[What is being asked] The task calls for the lines below from the line with "Alex Valenzuela (center)" to the line with "Relaisausgang: Der Empfänger", both ends included, copied exactly, without any pictures.

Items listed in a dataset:
....
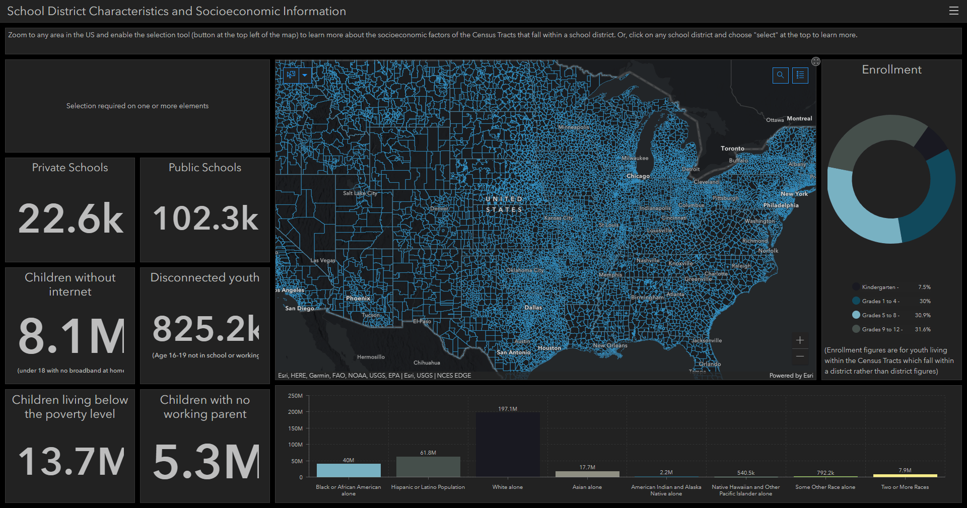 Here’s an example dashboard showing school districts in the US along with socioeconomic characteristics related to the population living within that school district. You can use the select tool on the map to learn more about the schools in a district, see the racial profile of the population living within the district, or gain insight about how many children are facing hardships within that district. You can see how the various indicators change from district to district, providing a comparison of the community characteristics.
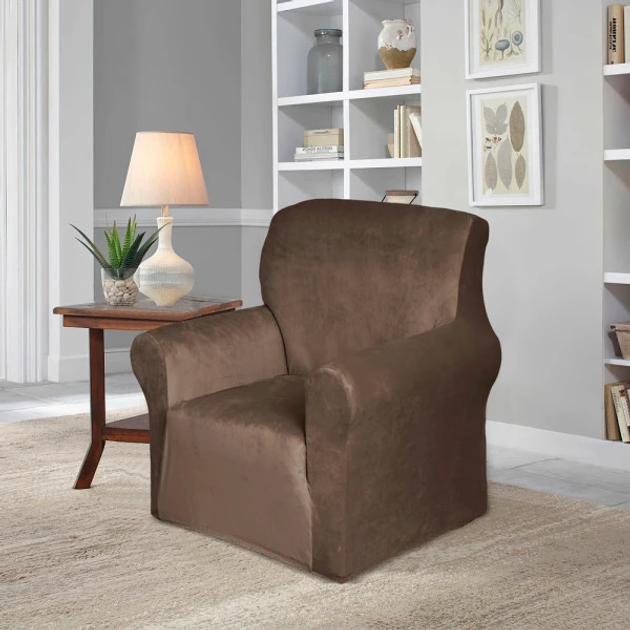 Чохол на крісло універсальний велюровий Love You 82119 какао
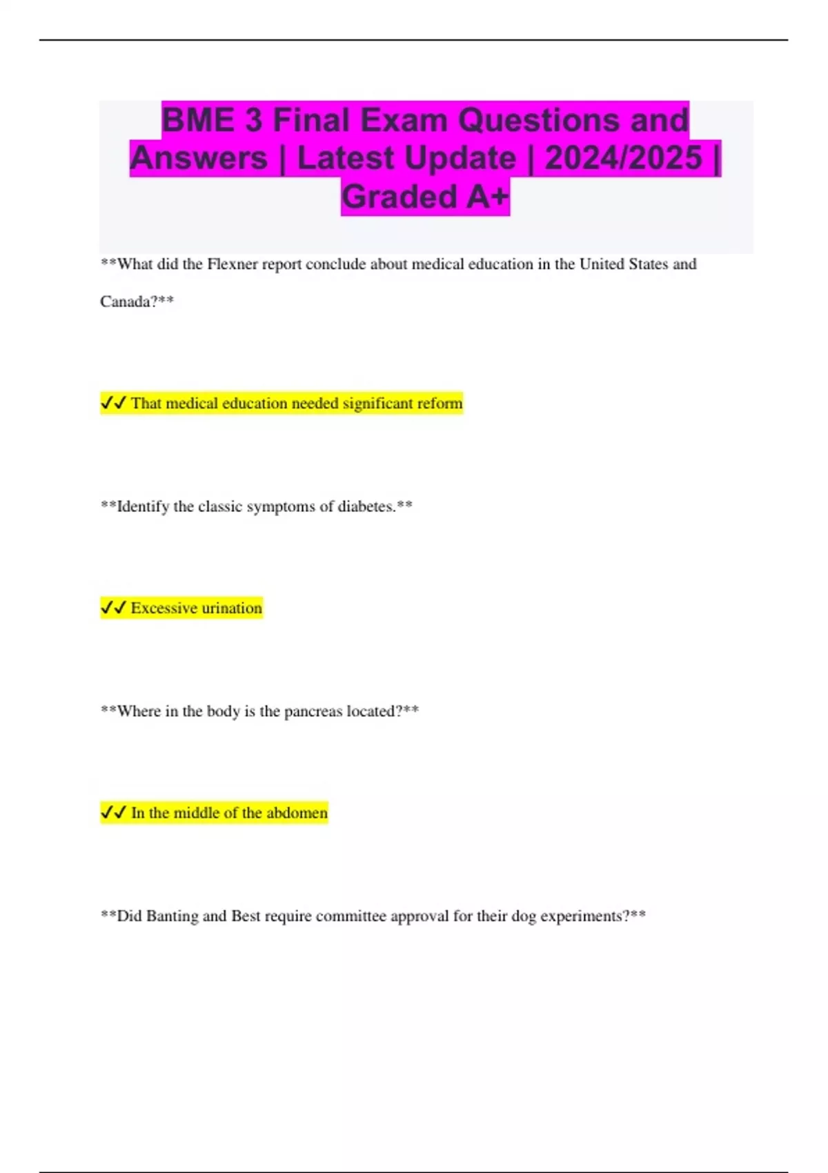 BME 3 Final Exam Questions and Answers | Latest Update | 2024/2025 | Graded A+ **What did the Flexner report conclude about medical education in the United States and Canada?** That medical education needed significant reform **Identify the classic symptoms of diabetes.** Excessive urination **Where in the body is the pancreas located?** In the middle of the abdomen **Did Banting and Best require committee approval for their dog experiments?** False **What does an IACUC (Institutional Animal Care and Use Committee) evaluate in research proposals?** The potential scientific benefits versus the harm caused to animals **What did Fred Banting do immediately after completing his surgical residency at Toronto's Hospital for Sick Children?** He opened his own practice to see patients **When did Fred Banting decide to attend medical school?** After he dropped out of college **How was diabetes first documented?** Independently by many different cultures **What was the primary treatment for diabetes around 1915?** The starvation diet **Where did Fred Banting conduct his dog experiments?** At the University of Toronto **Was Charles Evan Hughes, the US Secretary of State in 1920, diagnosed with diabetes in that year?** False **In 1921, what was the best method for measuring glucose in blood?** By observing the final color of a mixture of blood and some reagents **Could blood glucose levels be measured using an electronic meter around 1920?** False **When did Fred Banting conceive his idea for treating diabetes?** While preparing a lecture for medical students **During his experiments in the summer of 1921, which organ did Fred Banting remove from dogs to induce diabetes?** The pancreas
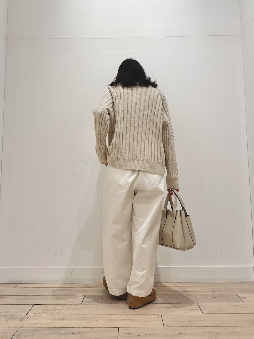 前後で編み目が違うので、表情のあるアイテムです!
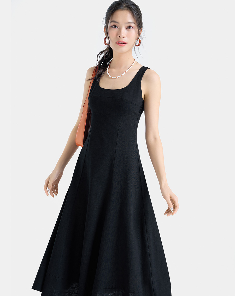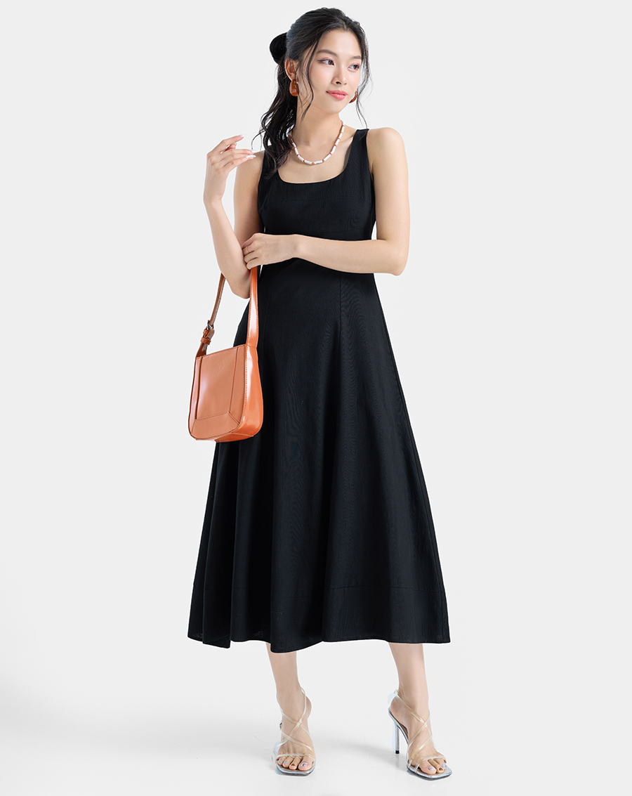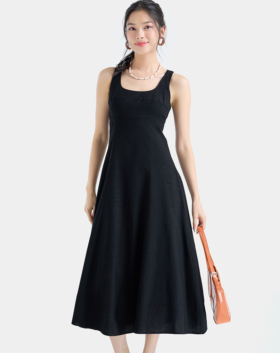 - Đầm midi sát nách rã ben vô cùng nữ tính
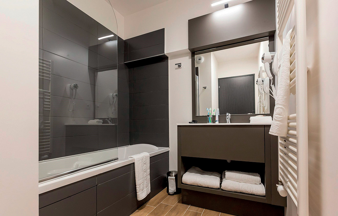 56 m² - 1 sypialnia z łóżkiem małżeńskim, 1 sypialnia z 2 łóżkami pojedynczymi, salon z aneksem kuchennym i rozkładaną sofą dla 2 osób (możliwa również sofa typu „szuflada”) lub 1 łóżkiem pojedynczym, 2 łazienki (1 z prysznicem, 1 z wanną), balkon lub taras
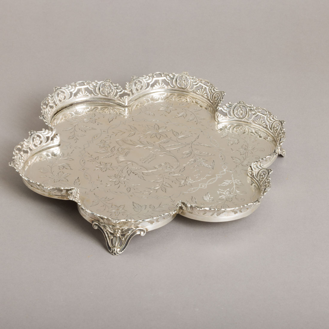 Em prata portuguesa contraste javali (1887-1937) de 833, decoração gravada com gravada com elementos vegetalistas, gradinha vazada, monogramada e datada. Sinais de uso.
....
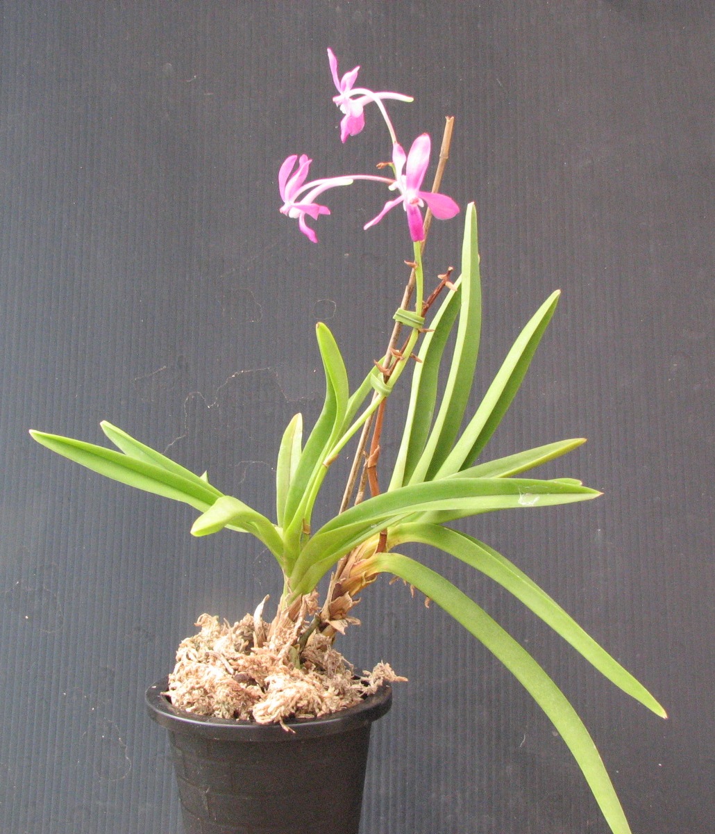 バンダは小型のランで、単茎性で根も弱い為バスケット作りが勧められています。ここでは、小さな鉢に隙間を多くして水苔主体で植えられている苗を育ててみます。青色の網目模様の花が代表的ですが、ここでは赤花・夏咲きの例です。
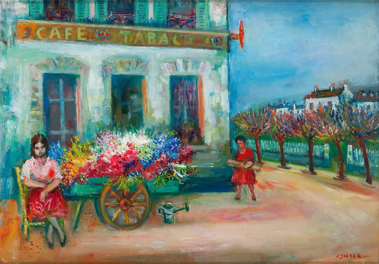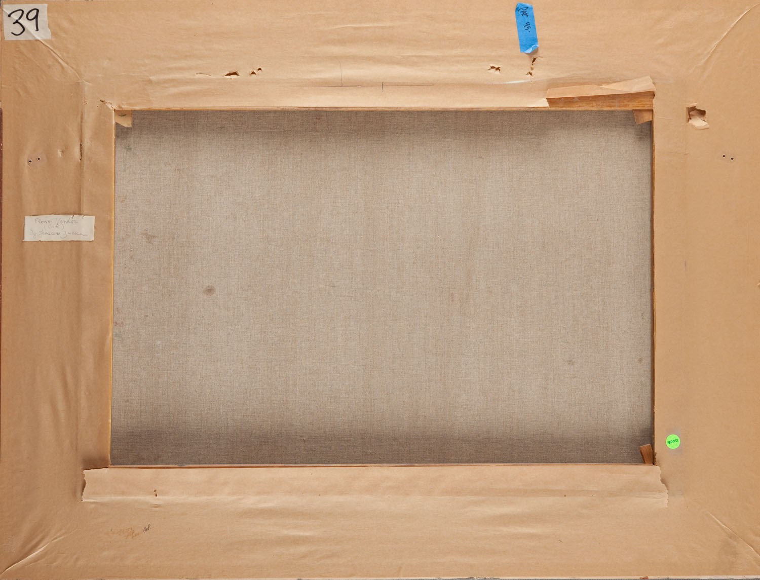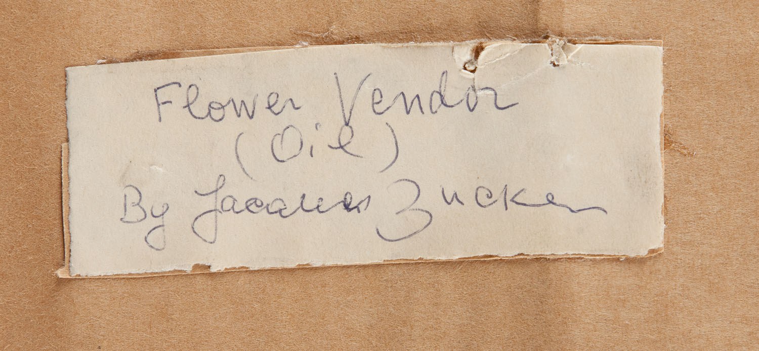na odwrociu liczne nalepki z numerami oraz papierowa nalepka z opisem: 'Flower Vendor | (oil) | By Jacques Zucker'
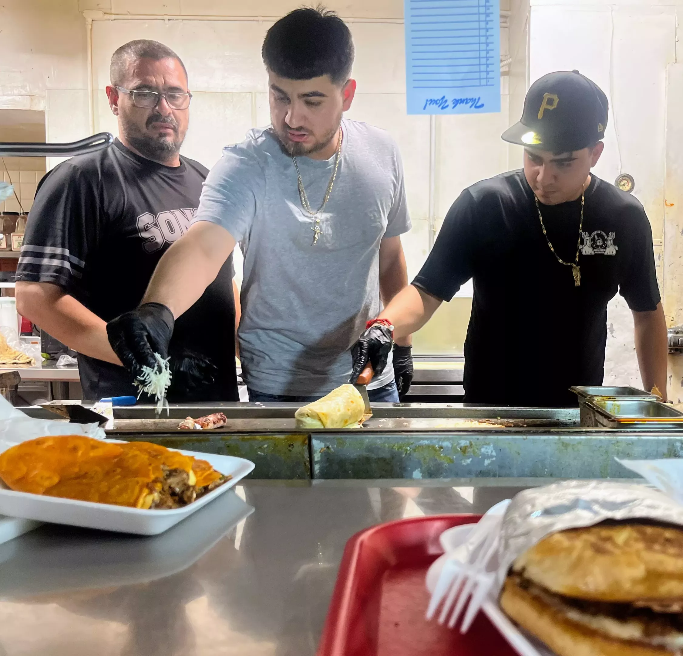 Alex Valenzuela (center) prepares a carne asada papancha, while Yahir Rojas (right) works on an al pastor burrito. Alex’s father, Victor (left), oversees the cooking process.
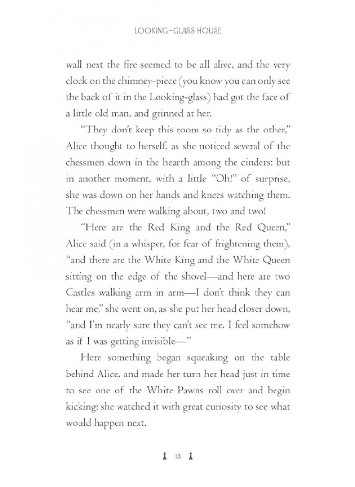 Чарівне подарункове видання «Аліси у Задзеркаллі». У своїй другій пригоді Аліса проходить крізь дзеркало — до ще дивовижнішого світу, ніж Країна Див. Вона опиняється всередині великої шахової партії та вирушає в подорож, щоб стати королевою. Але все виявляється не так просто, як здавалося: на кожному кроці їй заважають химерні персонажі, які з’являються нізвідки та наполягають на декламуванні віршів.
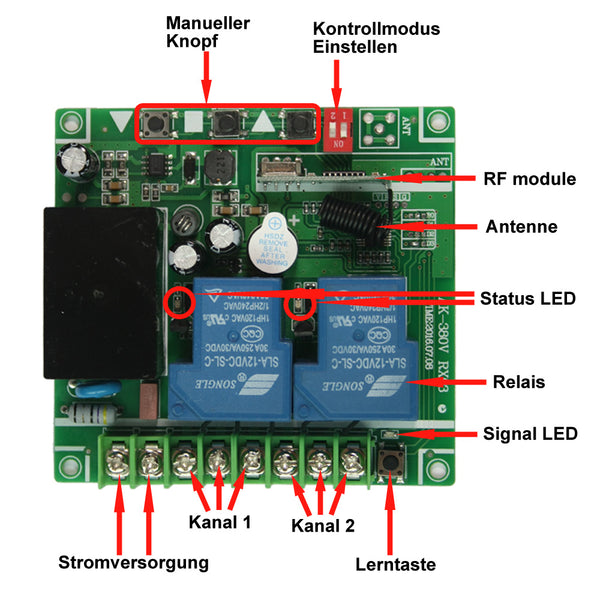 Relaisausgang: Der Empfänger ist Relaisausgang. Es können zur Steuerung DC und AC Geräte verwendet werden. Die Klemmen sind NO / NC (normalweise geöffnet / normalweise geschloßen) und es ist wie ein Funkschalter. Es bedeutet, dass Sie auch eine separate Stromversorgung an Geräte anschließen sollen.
....
[Answer section]
 Alex Valenzuela (center) prepares a carne asada papancha, while Yahir Rojas (right) works on an al pastor burrito. Alex’s father, Victor (left), oversees the cooking process.
 Чарівне подарункове видання «Аліси у Задзеркаллі». У своїй другій пригоді Аліса проходить крізь дзеркало — до ще дивовижнішого світу, ніж Країна Див. Вона опиняється всередині великої шахової партії та вирушає в подорож, щоб стати королевою. Але все виявляється не так просто, як здавалося: на кожному кроці їй заважають химерні персонажі, які з’являються нізвідки та наполягають на декламуванні віршів.
 Relaisausgang: Der Empfänger ist Relaisausgang. Es können zur Steuerung DC und AC Geräte verwendet werden. Die Klemmen sind NO / NC (normalweise geöffnet / normalweise geschloßen) und es ist wie ein Funkschalter. Es bedeutet, dass Sie auch eine separate Stromversorgung an Geräte anschließen sollen.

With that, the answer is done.